Slowly, reluctantly, Adam dragged his gaze up along the alluring lines of her body and settled on her face. She appeared to be wearing a minimum of makeup: perhaps a light, translucent base, a brush of color on her cheeks; a darkening swish of mascara on her lashes; a clear, true red applied to her luscious lips.
Gliding his tongue over his own lips, Adam forced his glance away from temptation, past her straight nose, the glowing skin of her cheeks, the alert and bright interest in her curious green eyes, to the top of her head and...
And her hair... Oh, Lord, her hair. Sunny’s wavy mane of gold-streaked brown hair tumbled onto her shoulders and halfway down her elegantly straight spine.

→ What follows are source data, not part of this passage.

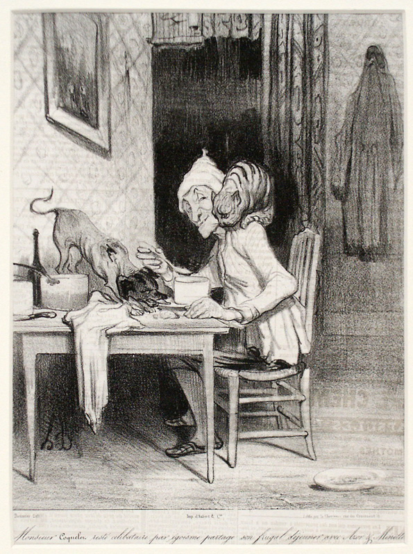 Serie: La Journée du Célibataire. Monsieur Coquelet réste célibataire par égoïsme partage son frugal déjeuner avec Azor et Minette. D’une grande familiarité avec leur maître, Minette a sauté sur l’épaule de M. Coquelet, tandis qu’Azor monté sur la table, se permet de lécher les plats. Catalogue raisonné. Hazard et Delteil, Orrouy (Oise) 1904 im säurefreien Passe-Partout, 35×50 cm
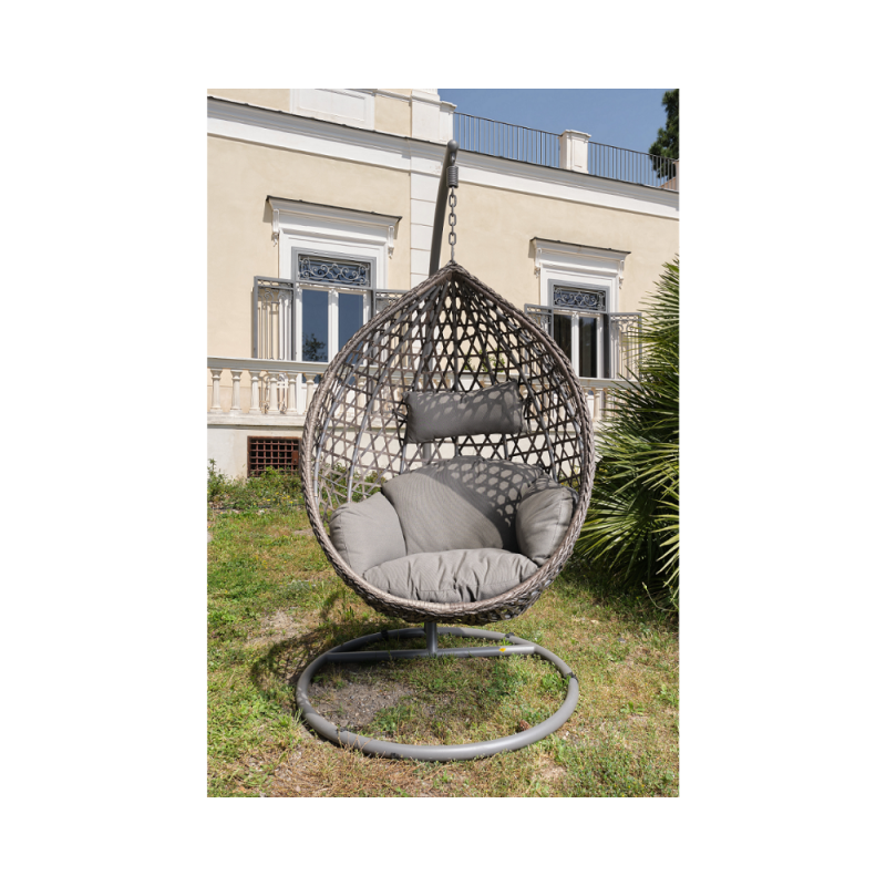 [Realizzata in materiali di alta qualita']: Il dondolo sospeso ha un guscio realizzato in poli-vimini, un materiale idrorepellente resistente ai raggi uv, all'acqua e alle intemperie con una verniciatura a polvere epossidica che garantisce la massima tenuta agli agenti atmosferici. La struttura in acciaio con gancio spesso e doppio sono perfetti per garantire una massima sicurezza e divertimento durante l'oscillazione, evitando possibili cedimenti strutturali. La portata massima e' di 120 kg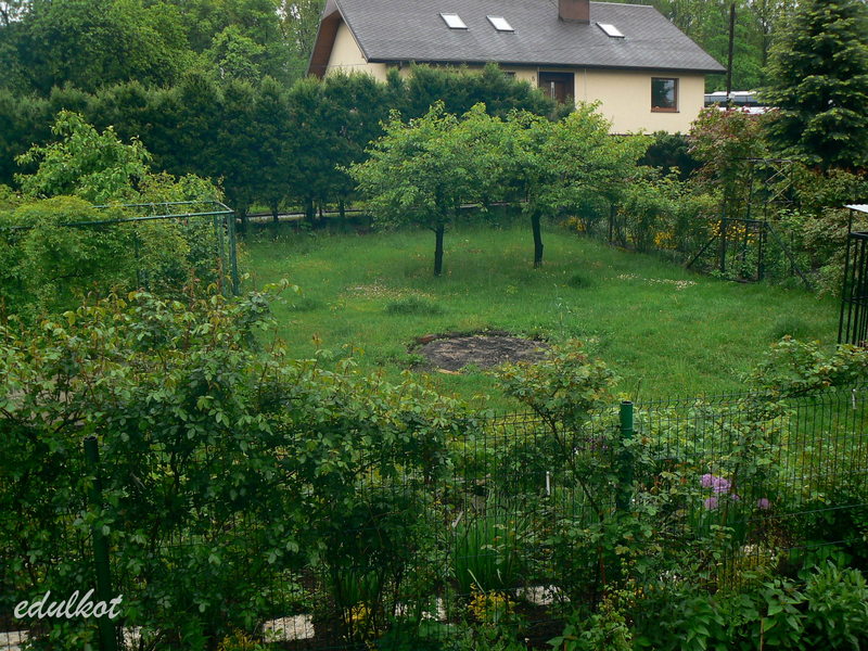 wychylając się jeszcze bardziej widać płotek i przyszłą różaną rabatę południową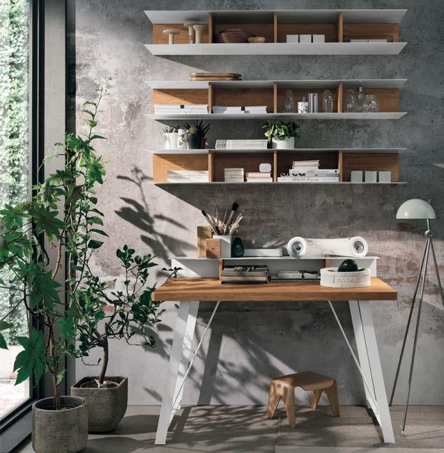 El ambiente del hogar se trans forma y responde a las nece sidades contemporáneas de ambientes multifuncionales y transformables, en línea con la fluidez que caracteriza la nueva vida cotidiana y laboral. Tomasella capta esta nueva necesidad y crea accesorios de decora ción y soluciones integradas que simplifican la organización de los ambientes dedicados al home office o rincones equipados, con puestos de trabajo personalizables.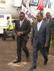 I efterhand: I dagens nummer av Faisca (lokaltidning i Lichinga) fanns en bild (se nedan) på premiärministern när han precis anlänt till Lichingas flygplats. I bakgrunden är det visst någon som förefaller vansinnigt koncentrerad på att gå ner för trappan, undrar vad jag tänkte på…?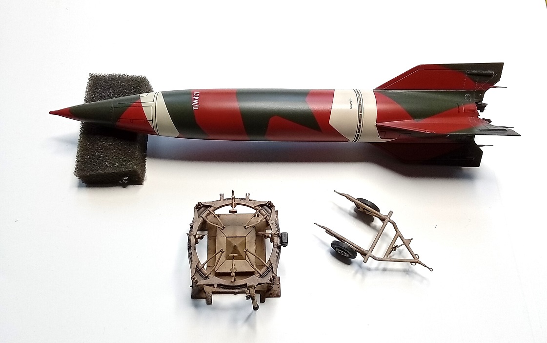 A4/V2 prototyp, 1:72 Special Armour. Model jsem získal bez krabky, návodu a dekálů. Tím bylo limitováno zbarvení. 3 kamo v bíločerném zbarvení mají na trupu mezi kormidly obrázky, např. čarodějnice, žena na Měsíci, atlet. Pouze 4tá střela nese zbarvení bez obrázků a to kombinace prototypů a olivové RAL6003 jako sériové kusy.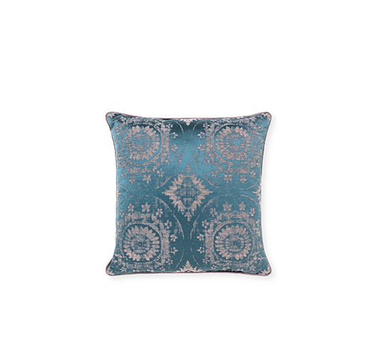 This classic blue pillow was inspired by mandalas. Mandalas are used as instruments of concentration and to achieve higher states of meditation, especially in Tibet and Japanese Buddhism. A long time ago, the mandala was used as an artistic and religious expression through rock paintings.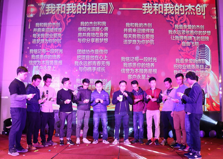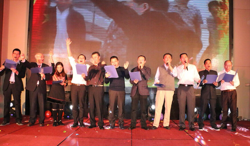 在度过三个小时的欢乐时光后,年会进入了尾声。全场人员齐齐进入演唱状态,伴随着优美的旋律,接连合唱了《相亲相爱一家人》、《同一首歌》、《朋友》三首歌曲。歌声飞扬,群情高涨,将现场气氛推向最高潮。大家放开歌喉,大声唱出心底的心声,尽情表达出对东升国际、对他人的祝福和感恩。所有人的歌声交织在一起,彼此的心灵也在密切地交流。在响亮动听的大合唱中,东升国际智能2016年度总结表彰大会暨2017迎新年会圆满落下了帷幕。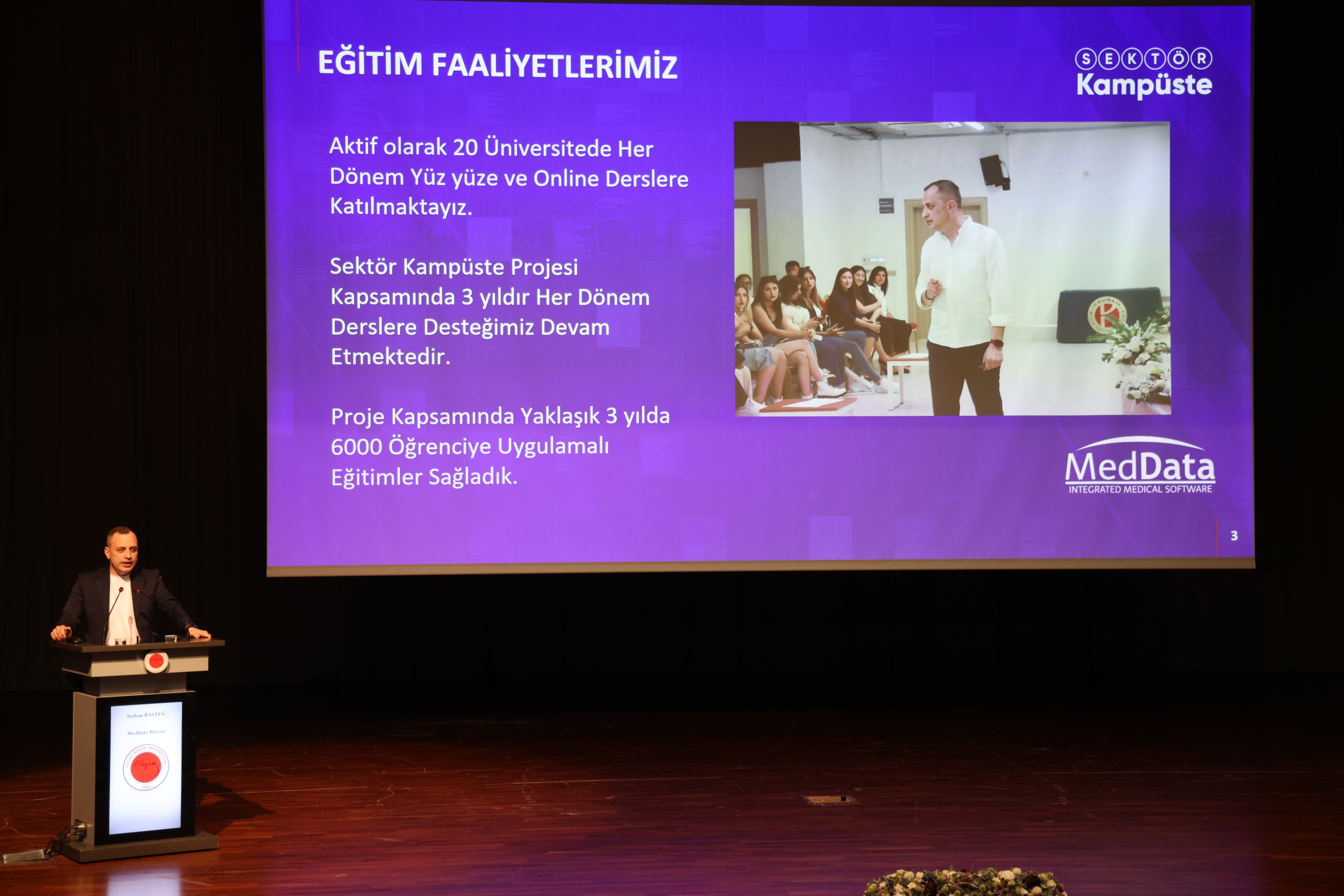 Açılış konuşmalarının ardından Teknoloji Eğitimleri Dairesi Başkanı Dr. Fatma Nur Akın tarafından Sektör Kampüste Programı Tanıtım Sunumu yapıldı. Dr. Akın sunumunda, Sektör Kampüste uygulamasının öğrencilere sunduğu fırsatlar, üniversite–sektör iş birliğinin sağladığı kazanımlar ve programın kariyer gelişimine katkıları üzerine değerlendirmelerde bulundu. Öğrencilerin eğitim sürecinde sektörle doğrudan temas kurmalarının önemine dikkat çeken Dr. Akın, bu tür uygulamaların mezuniyet sonrası istihdama önemli katkılar sağladığını ifade etti.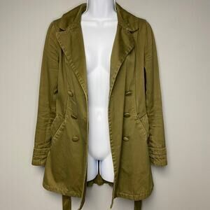 DKNY Jeans Military Style Olive Green Trench Coat Womens Size S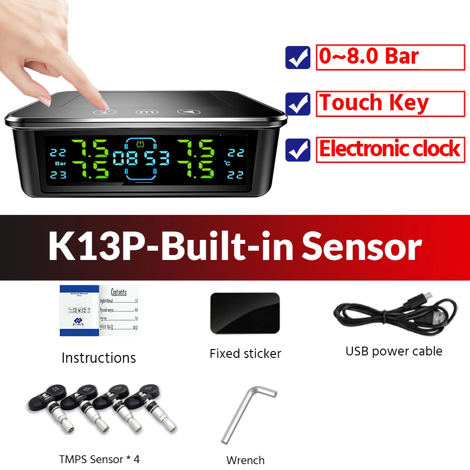 Smart TPMS Touch 8 Bar 4 Sensors Car Tire Pressure Monitoring System Electronic Devices Smart Alarm Systems Sensors Teyes
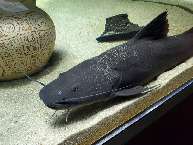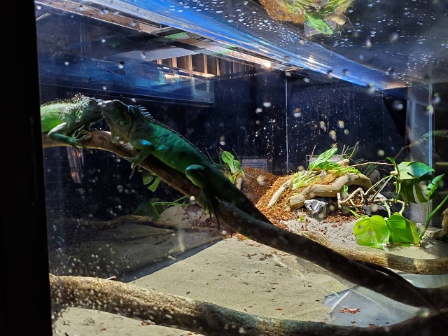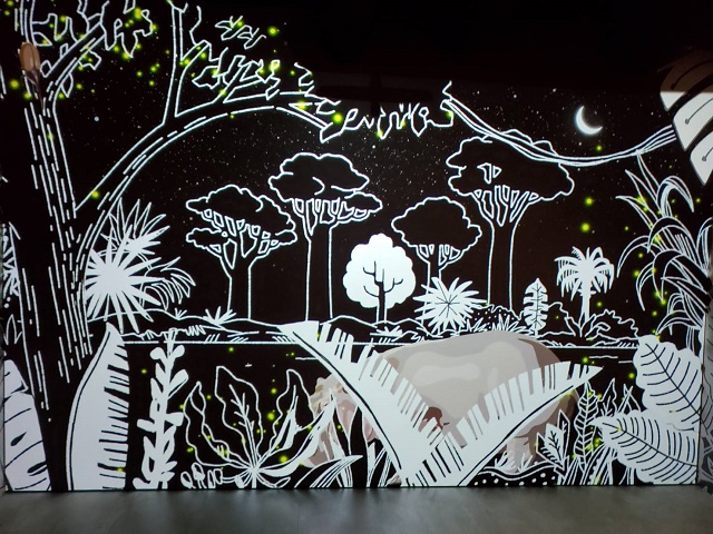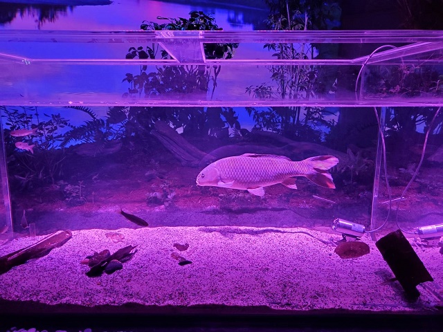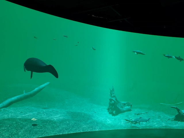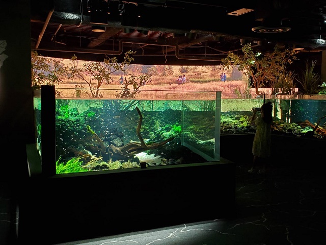 水槽の背後のスクリーンには南アメリカやアマゾンなどの風景が映っていて、

In truth, the sight of her took his breath away. Adam’s fingers twitched with the desire to spear into the alluring brown mass; his mind reeled with an image of those gold-streaked strands spread out on a pillow...his pillow.
But first things first, he advised himself, crossing the lobby to her. Dinner, then...
“Hello,” he said, attempting to corral his bedbent thoughts as he came to a halt beside her. “Were you early or am I late?”
“Oh...hi.” Sunny flashed a nerve-crunching smile at him. “Since it is now precisely six, you are not late. So I guess I was a few moments early. No big deal.”
“Even so, I’m sorry I kept you waiting.”